Some of the big differences:
Vapor:
- Instant scalability (both ways, it will meet your customer demand, and save you money on quiet days)
- No infrastructure worries - just focus on the app & code
- Regional data regulations are easier to handle
- Small learning curve. It is different. Deployment won't happen from GIT without you setting it up (e.g. GitHub actions). Serverless means no storage, so you'll need to get used to working with S3. Vapor uses CDNs (automatically) for static content, which means a few little optimizations.
- Set up of databases, domains, storage, caching, queues etc all done for you.
- Fantastic API
Forge / Ploi / Other
- Also easy
- Totally configurable environment
- low cost and yet performant, up to a ceiling.
- Predictable costs
- All of the workings are up to you. Probably fine (with e.g. Forge) but it depends on the complexity of the project, criticality, any data reg rules applicable, and your skill. e.g. Security & maintenance.
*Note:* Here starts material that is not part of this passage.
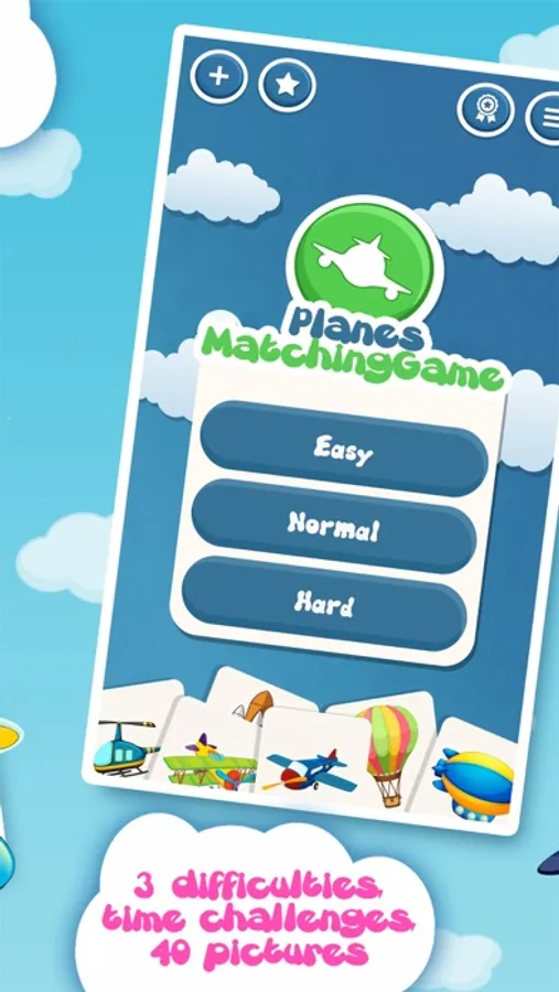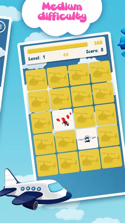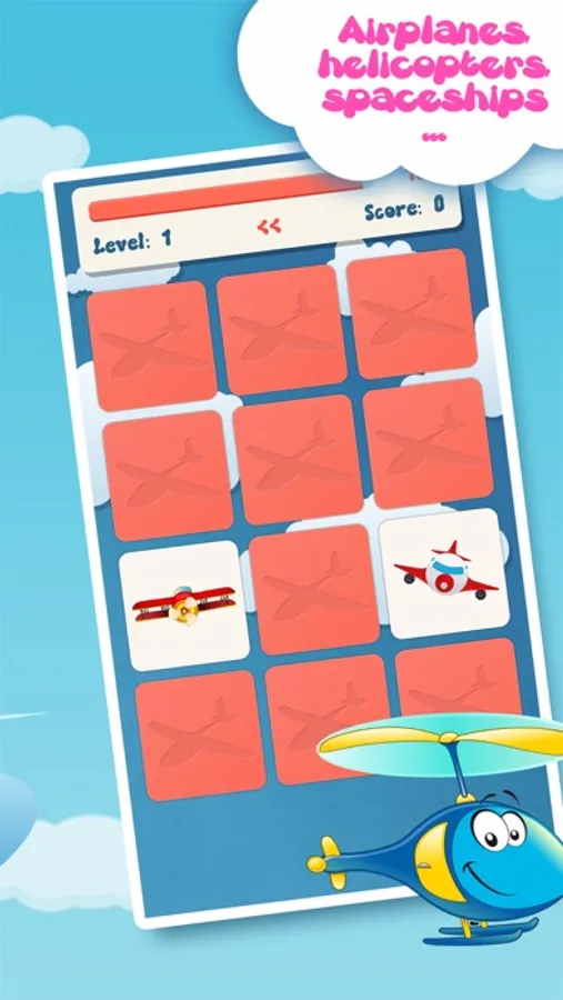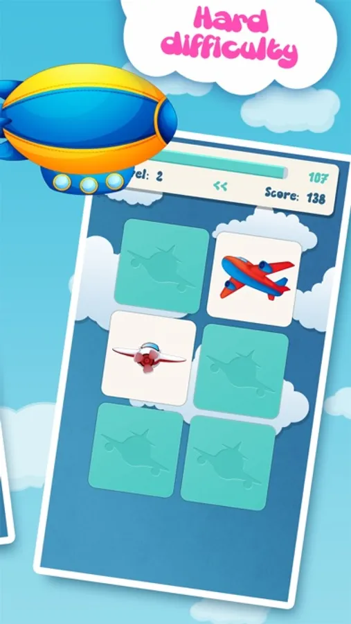 Game for kids that improves child’s matching and is really fun to play. In this game for toddlers for each level, kids must to match two same pictures of planes. If you match two same pictures of planes correctly they will disappear.

Cost differences can be large. You could host a small project on a $5 linode. Starting costs, all things considered, with Vapor are around $50pm, BUT that reduces per-project the more projects you host on Vapor. So if you have any significant deployments, or value the scalability/featureset, then you're likely to quickly see returns here.
Vapor is suitable for all applications except static sites.
Vapor and Forge are in some ways in competition with each other, but also serve different needs. I don't see why one one "take the place of the other" going forward.
Which one would I use? It depends on the project. But, I have switched almost all projects to Vapor and use S3, Netlify and Firebase for static hosting just because.